O acto de ler
CRÓNICA
| Célia Gomes
Ricardo Piglia escreveu que «não há nada mais real nem, ao mesmo tempo, mais ilusório do que o ato de ler». «Ler», verbo sagrado à volta do qual orbita esta nada ilusória obra, iluminada por meteoros de desabafos de um escritor, por excertos do seu polémico livro, por acusações, por reflexões e histórias de vida. Histórias de vida confessadas a desconhecidos que passam a ser conhecidos e a entrar na intimidade do viajante como comboios na proximidade de apeadeiros. E não seremos todos nós viajantes no comboio da vida?
E é no interior de um comboio que se desenrola a história principal e se contam muitas outras que a completam e a desvendam. Num comboio noturno conhecido por Alicia, a narradora, por ser passageira habitual rumo a Edimburgo. Trajeto rotineiro que fazia de uma forma mecânica, sentando-se no local marcado, lendo, dormindo, observando e silenciando a sua voz até ao destino. Assim acontece com tudo e todos. Somos autênticos robots cumprindo rotinas, num pretérito imperfeito que almejamos que se torne perfeito, silenciando a voz e o grito. Até um dia ou uma noite em que o imprevisto sobe a bordo e se senta ao nosso lado interrompendo o bocejo da soma dos dias das noites.
O comboio é o meu meio de transporte de eleição e, na infância, era o meu brinquedo preferido. Lembro-me em especial de um, colorido , sem pista, nem carris, que eu empurrava no soalho imaginando viagens infinitas. Por isso foi fácil entrar no comboio de Alicia e juntar-me a ela que, sentada ao lado de dois desconhecidos, Terry e Bou, escutava Terry, o escritor Americano delatado por um jornalismo, por usar, sem autorização, o passado frágil de um amigo ( quase amante), para escrever o romance «Rocco». Romance polémico pela personagem e por levantar o véu à podridão da vida e dos seus relacionamentos . Podridão que Bou, aluno de mestrado de Terry, já tão bem conhecia por ter lido o livro e ter ouvido as críticas.
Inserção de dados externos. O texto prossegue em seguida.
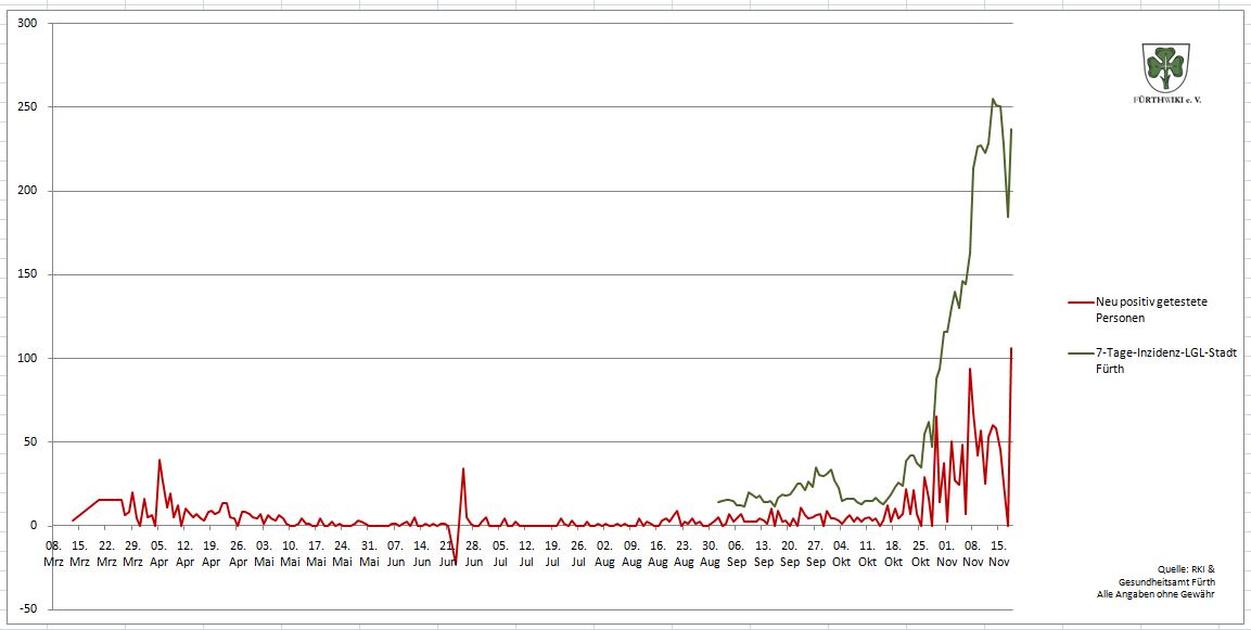 - Das Diagramm setzt sich aus den Daten des Gesundheitsamtes Fürth und den Zahlen des RKI zusammen.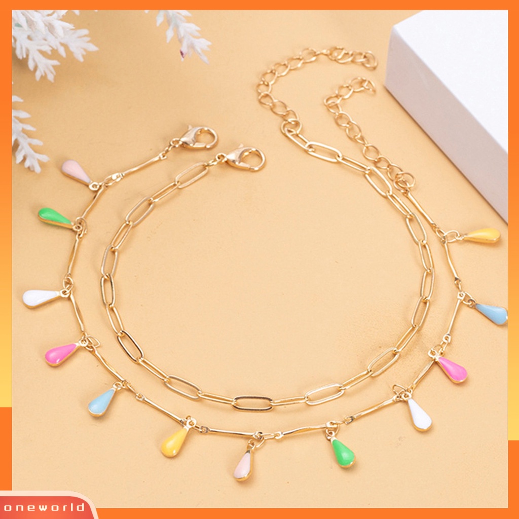Aksesoris Fashion > Kalung > Kalung Lainnya > [EONE] 2pcs/set Wanita Kalung Warna-Warni Warna Kaya Mudah Cocok Tahan Lama Portabel Klip Lobster Hias Bentuk Tetesan Air Berongga Keluar Wanita Liontin Hadiah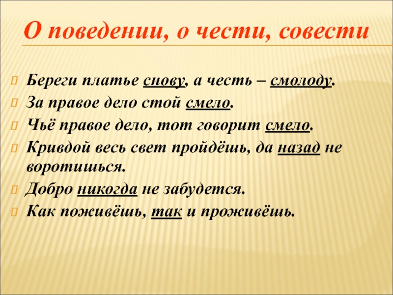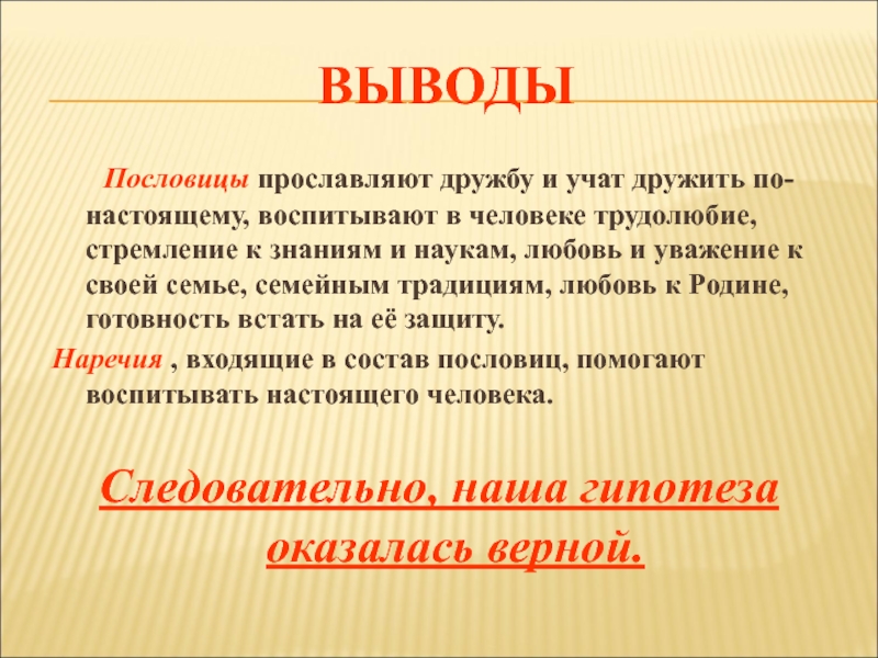 Наречия , входящие в состав пословиц, помогают воспитывать настоящего человека.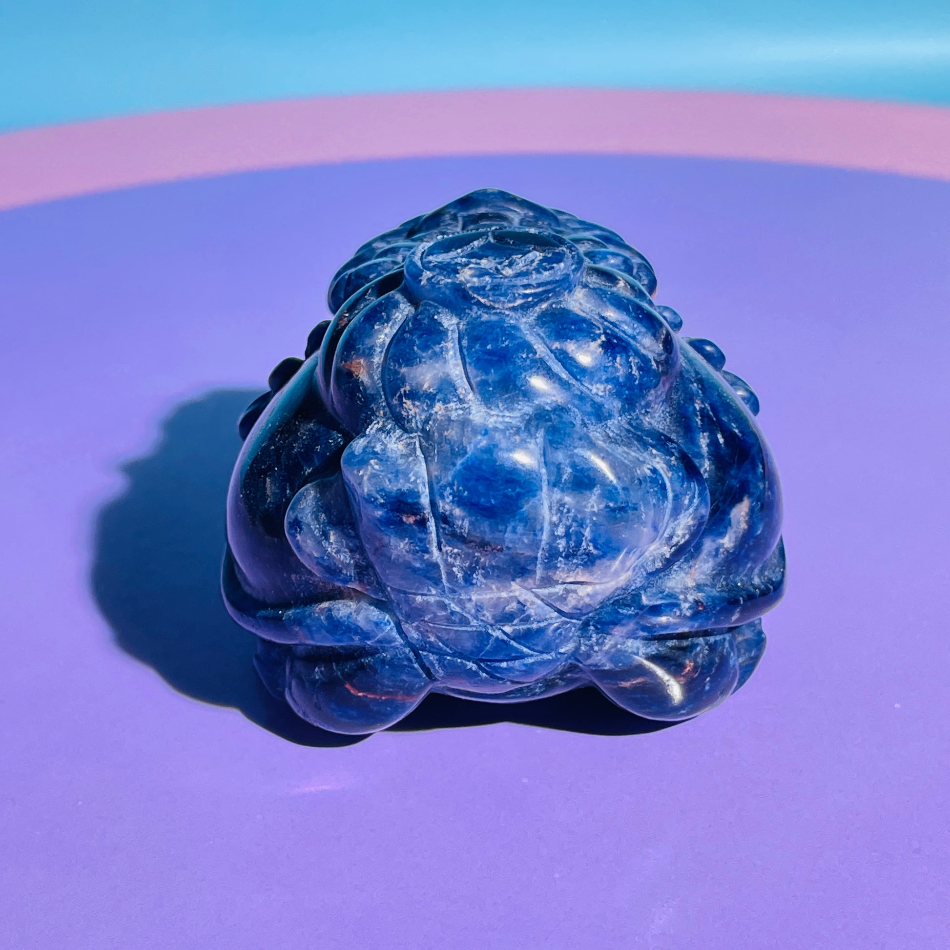 A Sodalite carving of a Pixiu - a mythological creature from ancient Chinese culture which depicts the head of a dragon and the body of a frog, turtle or lion. The Pixiu is a symbol of luck, fortune and is a protector of souls and the way of feng shui.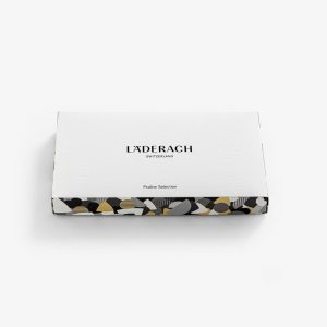 A selection of 18 exquisite pralines for an unforgettable taste experience. The box contains the following varieties of pralines (without alcohol): Honey-Nougat carré, Almond à l’ancienne, Moccatine, Walnut Marzipan, Le Noir, Almond blond, Piedmontese, Caramel Triangle, Trois Frères, Nut Trio, Nougatine, Walnut Branchli, Mousse Milk, Rigoletto,Pistache-Gianduja, Läderach Square, Nougat-Truffle and Dulce de Leche. (210g / 0.462 lbs)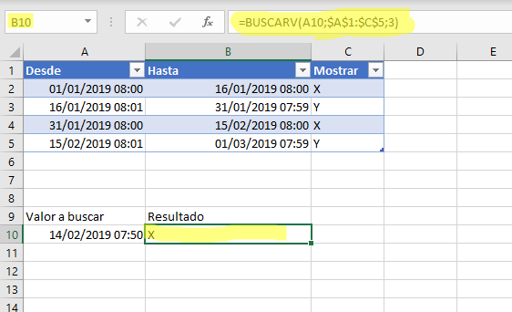 Ej.: Ingreso 14/02/19 7:50 y quiero que me muestre en otra celda el Valor X

Bou um fanático por magia e ávido por companhia, que, finda a viagem, deixa post- its na revista de Alicia e lhe aparece em Londres e a acompanha até à sua morada. «Bou ficou a dormir em minha casa e já não fomos ficção nem palavras, mas sim lençois e saliva espessa. Só por uma noite ou quatro». Haverá melhor magia?
Mas mágica é também a autora, Marta Pérez-Carbonell, pelo seu condão descritivo, pela leveza com que aflora o poder da literatura, as transgressões dos escritores, as fronteiras ténues entre a ficção e a realidade – «a vida não se arruína por alguém escrever uma história e incluir nela uma personagem parecida connosco. São as coisas reais que arruínam a vida» e, essencialmente, por no cenário de um só comboio e de uma só noite criar no leitor a sensação de estar a ler muitos livros e a visualizar muitas vidas em simultâneo. Costuma-se dizer que a «noite é boa conselheira», mas para além de boa conselheira também é boa ouvinte. E atentamente escutou Alicia revelar as suas fragilidades perante os novos amigos, a sua solidão, a sua orfandade amorosa e observou-a a viajar, através das palavras, a Socotra, ilha de ilusão e sofrimento. «O mar, o amor. Tinham a capacidade de provocar um bem-estar indiscutível, mas também podiam acabar connosco, se não nos mantivéssemos à tona». E à tona se manteve a nossa protagonista após o comboio apitar no destino. «Quando cheguei ao hotel, senti a passagem do tempo, que tínhamos passado anos num período muito curto. Que não tinha percorrido quilómetros, mas sim muitos dias com todas as suas noites». As noites de Rocco, das dúvidas do paradeiro de Hans e da interrogação de «que limites tinha Terry transgredido no seu livro». Tona e sofreguidão. Sôfrega para ler «Rocco» – e após a sua leitura concluir que «todas as histórias escondem sempre mais informação do que a que revelam, mas contar é sempre calar»; sôfrega para viajar para Genebra; sôfrega para seguir o rasto de Hans e todo o seu mistério. E é o mistério, presente na primeira vez que nos deslumbramos com algo ou alguém, que apalada a nossa vida, que nos conduz para o desconhecido e nos faz saltar para o abismo do amor.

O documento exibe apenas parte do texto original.